2025-01-28 20:47:00 :
In order to control the highly anticipated battles controlled by Reminare Enterpris LTD, a new turning point occurred on Tuesday. Investors headquartered in Bangkok sought intervention from the Delhi High Court to stop the public offer of the Burman family to increase the 26 % stake of the financial service group’s group. Essence
Sapna Govind Rao claims to have 500 shares in religious beliefs, and he urges the court to consider one BleakFlorida’s businessman Digvijay’danny’Gaekwad’s public offer of 500 billion pounds. Mint reviewed the copy of Rao’s emergency application in the court.
Rao proposed a few hours after the court applied. Reminare revealed to the Stock Exchange that the Indian Securities Exchange Commission has returned to GAekWad’s proposal because it does not meet the rules of exemption from regulatory agencies specified in the Indian acquisition code.
GaekWad, born in Baroda, requested that SEBI allowed him to allow his competition on Sunday. It aims to get 55 % of the shares in Reminare Bleak275 per share.

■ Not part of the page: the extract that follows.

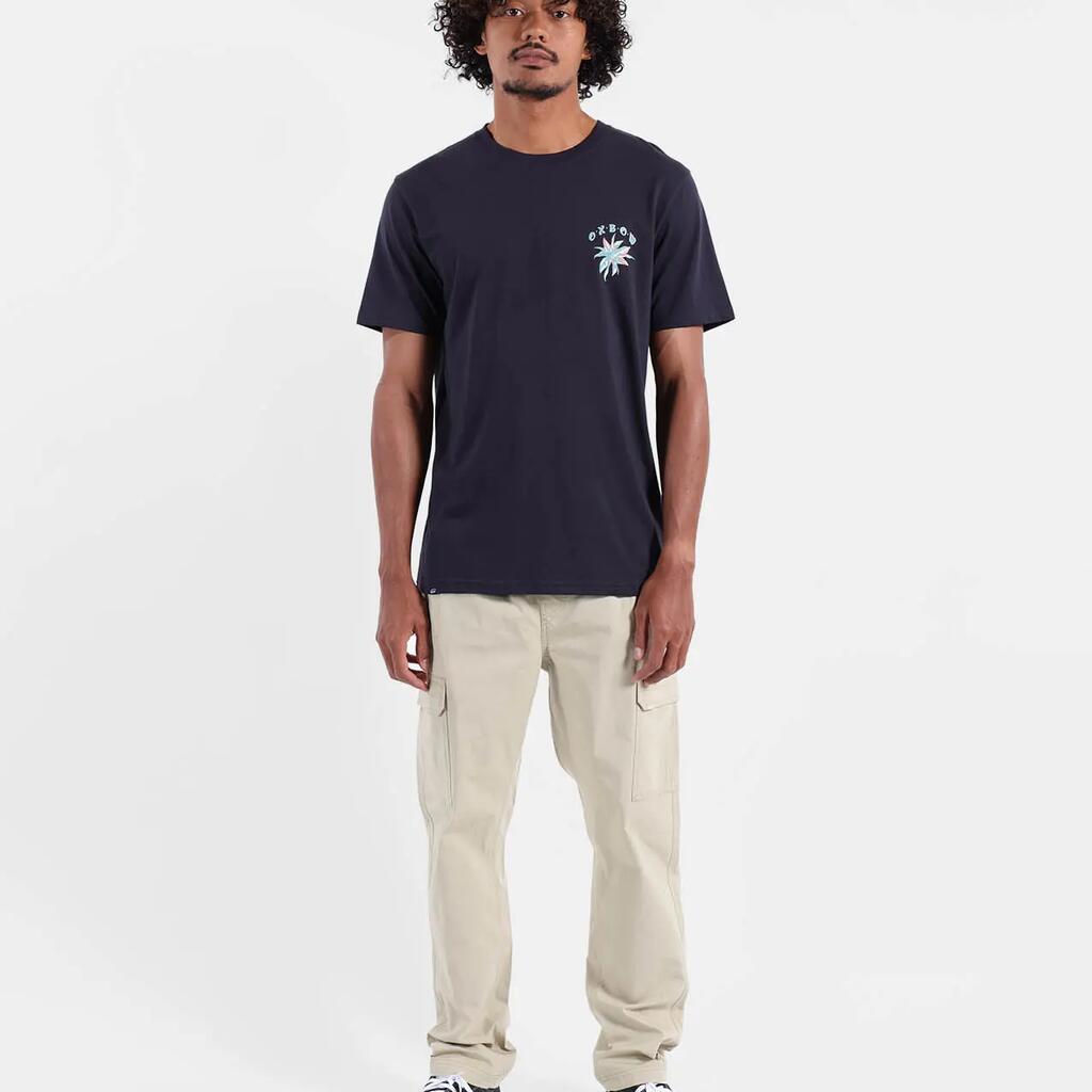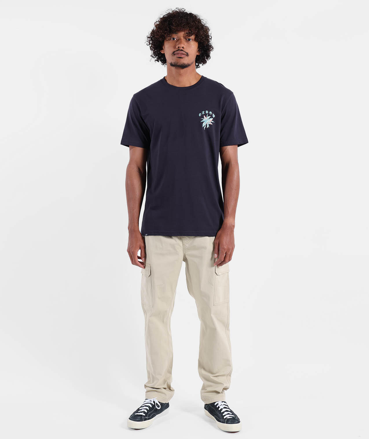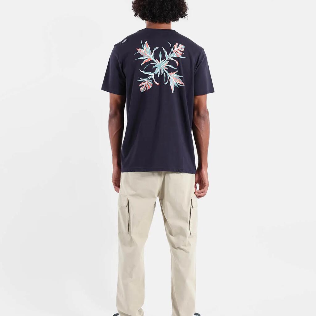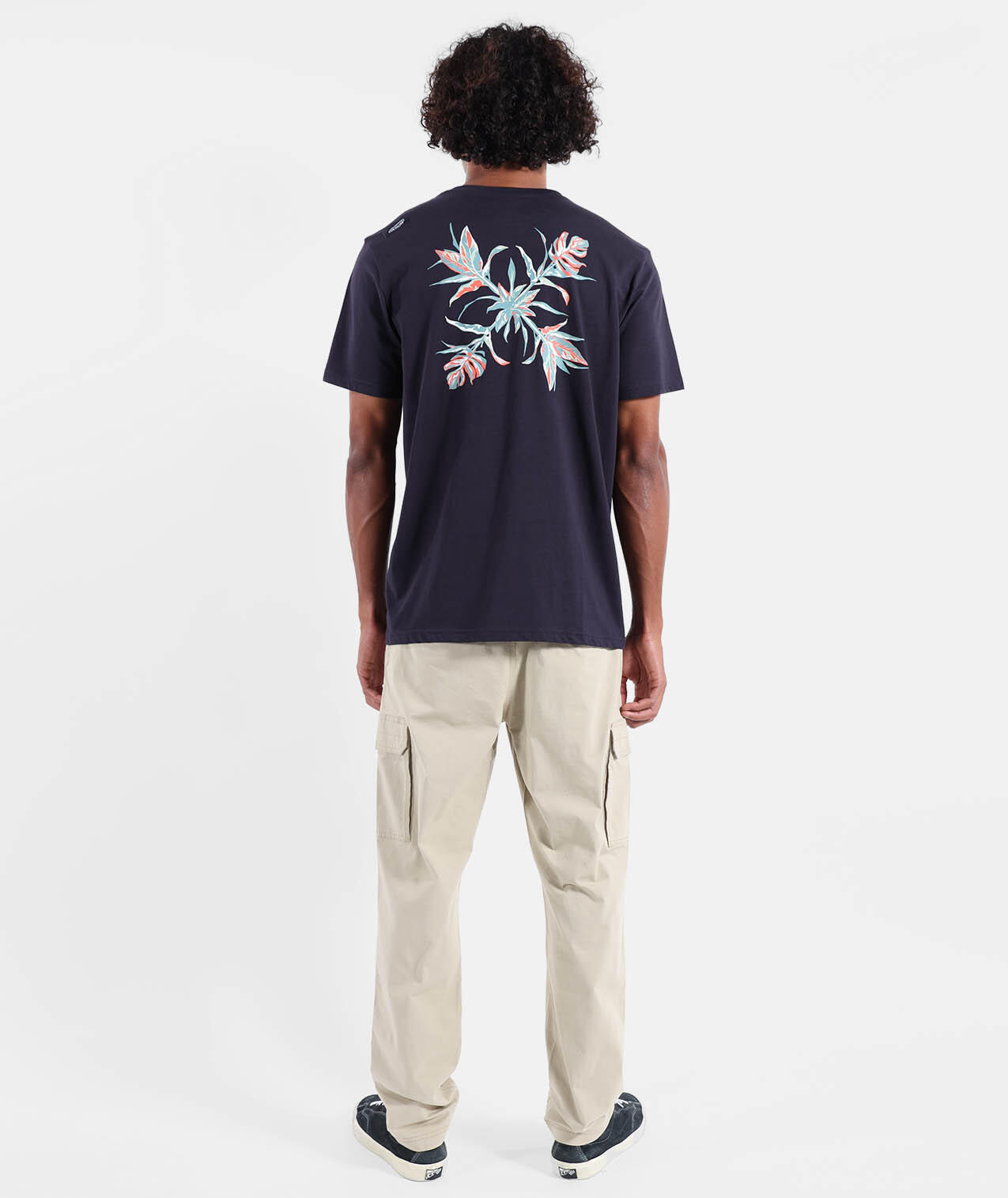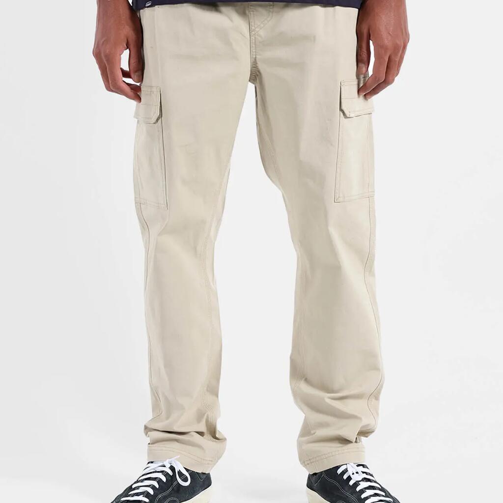Elastic cargo pants with drawstring waistband, cargo pockets, side and back pockets, printed pocket bags, 250 g/m² stretch microcanvas cotton, length 76–79.5 cm depending on size.

Higher than BleakBurmese people have about 25.18 % of religious beliefs to open offer offers per share. The company’s stock has fallen by nearly 3.7 % in BSE, and it ends on Tuesday BleakEvery 243.05, even if the benchmark SenseX rose 0.71 %.
Religion said in the exchange document: “Digvijay laxmansinh Gaekwad’s letter was returned, because in the 11th SEBI (SAST) regulations in 2011, this is not an exemption application,”
However, RAO requires a small number of shareholders to evaluate the higher counterattack of GAEKWAD.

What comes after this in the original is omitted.